Task directions: All of the listing should be returned as written, apart from any picture in it.

Data to examine:

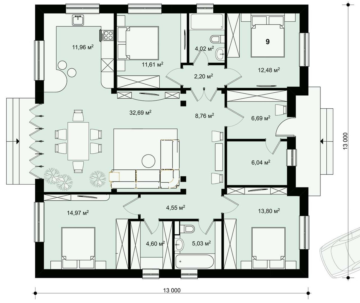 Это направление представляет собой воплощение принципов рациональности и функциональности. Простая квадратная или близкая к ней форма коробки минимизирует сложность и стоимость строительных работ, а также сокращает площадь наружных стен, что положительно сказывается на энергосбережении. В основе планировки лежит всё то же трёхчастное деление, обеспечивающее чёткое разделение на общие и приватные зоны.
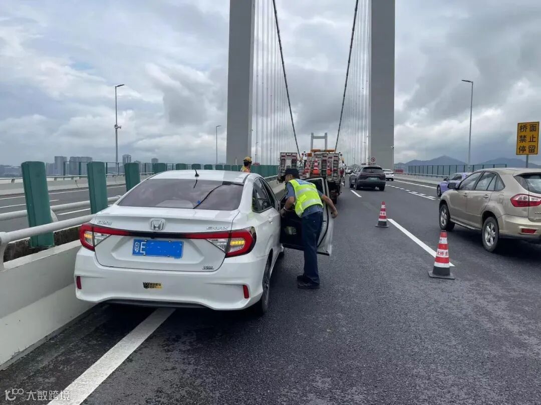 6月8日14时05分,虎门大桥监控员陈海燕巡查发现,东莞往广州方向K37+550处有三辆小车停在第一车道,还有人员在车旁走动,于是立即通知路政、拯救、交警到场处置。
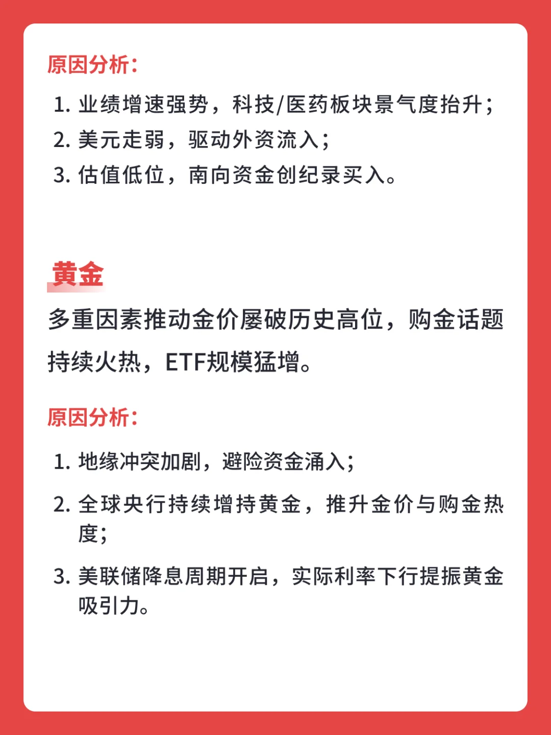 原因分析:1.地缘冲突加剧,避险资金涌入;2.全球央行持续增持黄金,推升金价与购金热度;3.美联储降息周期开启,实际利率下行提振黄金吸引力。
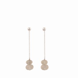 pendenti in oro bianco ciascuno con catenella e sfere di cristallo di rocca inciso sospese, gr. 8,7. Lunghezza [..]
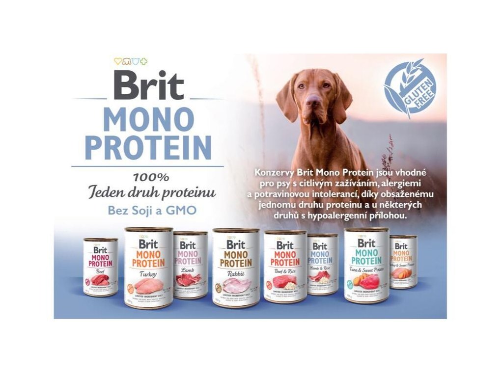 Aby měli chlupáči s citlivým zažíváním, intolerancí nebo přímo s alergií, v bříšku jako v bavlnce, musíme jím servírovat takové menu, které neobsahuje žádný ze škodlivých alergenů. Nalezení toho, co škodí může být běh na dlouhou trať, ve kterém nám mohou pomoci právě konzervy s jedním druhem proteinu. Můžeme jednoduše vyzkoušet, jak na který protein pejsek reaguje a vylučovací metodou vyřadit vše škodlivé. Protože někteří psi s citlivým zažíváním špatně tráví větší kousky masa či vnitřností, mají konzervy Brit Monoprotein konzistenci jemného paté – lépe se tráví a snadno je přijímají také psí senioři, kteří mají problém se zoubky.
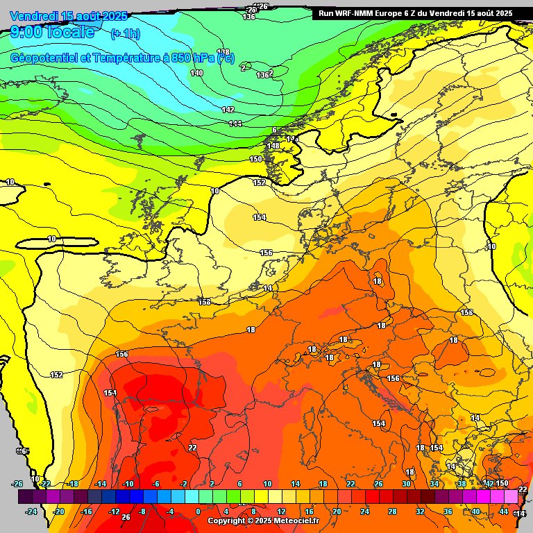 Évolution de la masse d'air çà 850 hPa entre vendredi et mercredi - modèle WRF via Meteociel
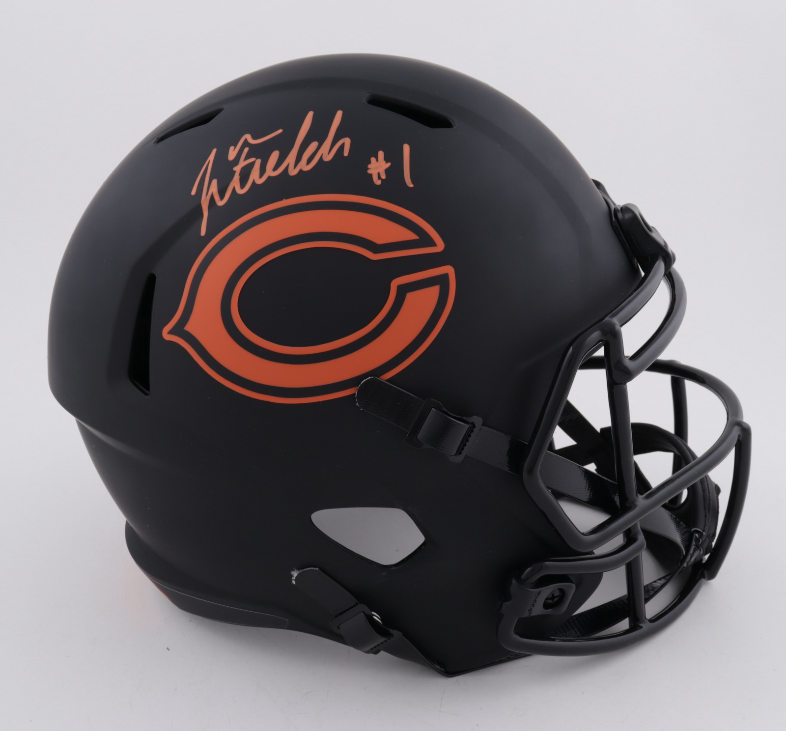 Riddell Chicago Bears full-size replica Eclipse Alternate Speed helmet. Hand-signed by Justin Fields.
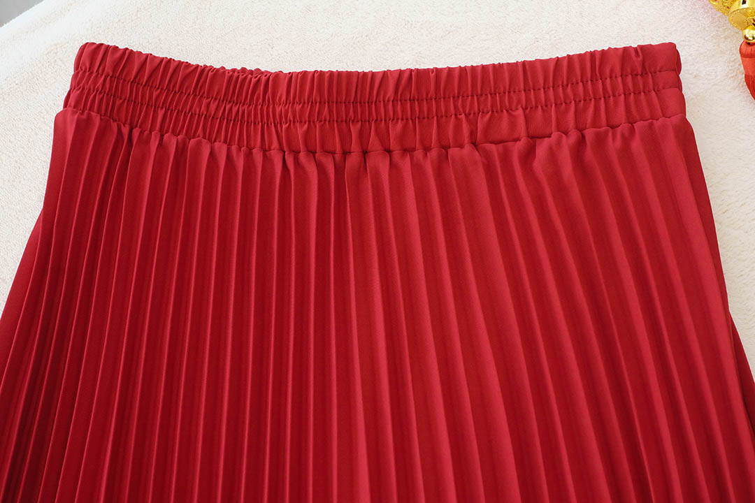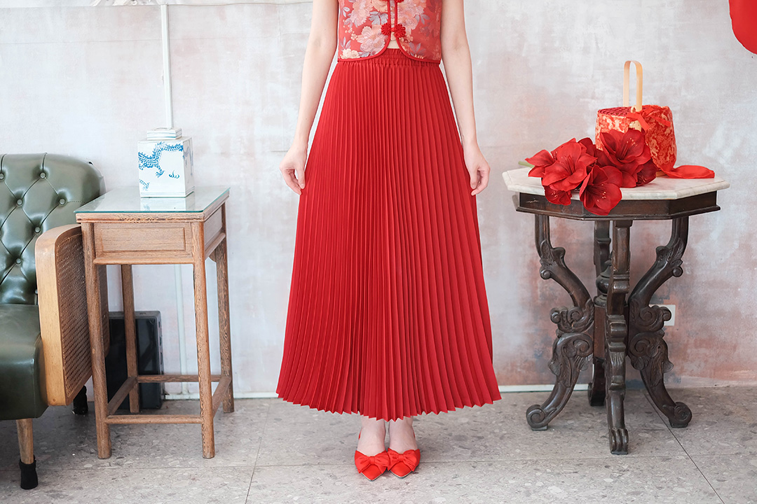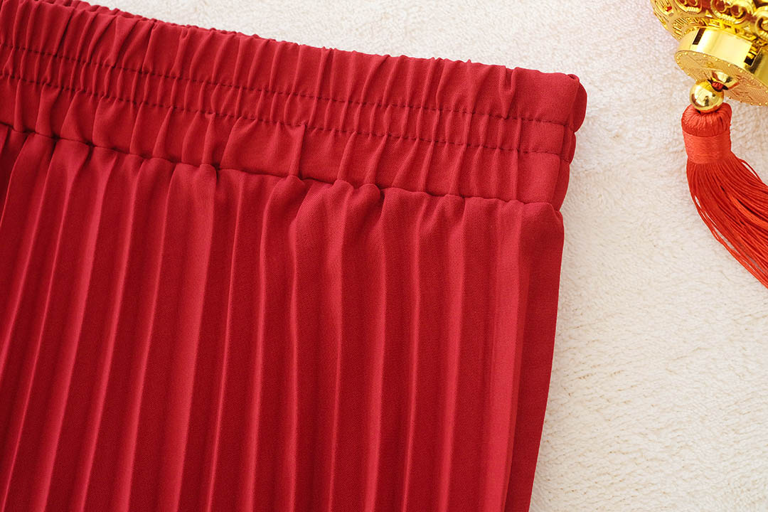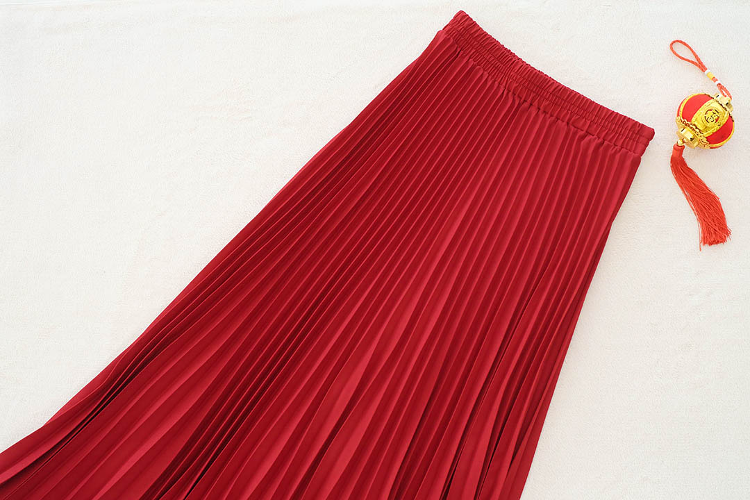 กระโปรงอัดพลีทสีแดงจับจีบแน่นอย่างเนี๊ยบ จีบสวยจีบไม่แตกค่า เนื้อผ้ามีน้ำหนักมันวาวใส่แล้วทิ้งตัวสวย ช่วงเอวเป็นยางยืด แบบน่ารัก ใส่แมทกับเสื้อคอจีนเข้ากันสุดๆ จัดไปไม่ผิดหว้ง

Answer space:
 Это направление представляет собой воплощение принципов рациональности и функциональности. Простая квадратная или близкая к ней форма коробки минимизирует сложность и стоимость строительных работ, а также сокращает площадь наружных стен, что положительно сказывается на энергосбережении. В основе планировки лежит всё то же трёхчастное деление, обеспечивающее чёткое разделение на общие и приватные зоны.
 6月8日14时05分,虎门大桥监控员陈海燕巡查发现,东莞往广州方向K37+550处有三辆小车停在第一车道,还有人员在车旁走动,于是立即通知路政、拯救、交警到场处置。
 原因分析:1.地缘冲突加剧,避险资金涌入;2.全球央行持续增持黄金,推升金价与购金热度;3.美联储降息周期开启,实际利率下行提振黄金吸引力。
 pendenti in oro bianco ciascuno con catenella e sfere di cristallo di rocca inciso sospese, gr. 8,7. Lunghezza [..]
 Aby měli chlupáči s citlivým zažíváním, intolerancí nebo přímo s alergií, v bříšku jako v bavlnce, musíme jím servírovat takové menu, které neobsahuje žádný ze škodlivých alergenů. Nalezení toho, co škodí může být běh na dlouhou trať, ve kterém nám mohou pomoci právě konzervy s jedním druhem proteinu. Můžeme jednoduše vyzkoušet, jak na který protein pejsek reaguje a vylučovací metodou vyřadit vše škodlivé. Protože někteří psi s citlivým zažíváním špatně tráví větší kousky masa či vnitřností, mají konzervy Brit Monoprotein konzistenci jemného paté – lépe se tráví a snadno je přijímají také psí senioři, kteří mají problém se zoubky.
 Évolution de la masse d'air çà 850 hPa entre vendredi et mercredi - modèle WRF via Meteociel
 Riddell Chicago Bears full-size replica Eclipse Alternate Speed helmet. Hand-signed by Justin Fields.
 กระโปรงอัดพลีทสีแดงจับจีบแน่นอย่างเนี๊ยบ จีบสวยจีบไม่แตกค่า เนื้อผ้ามีน้ำหนักมันวาวใส่แล้วทิ้งตัวสวย ช่วงเอวเป็นยางยืด แบบน่ารัก ใส่แมทกับเสื้อคอจีนเข้ากันสุดๆ จัดไปไม่ผิดหว้ง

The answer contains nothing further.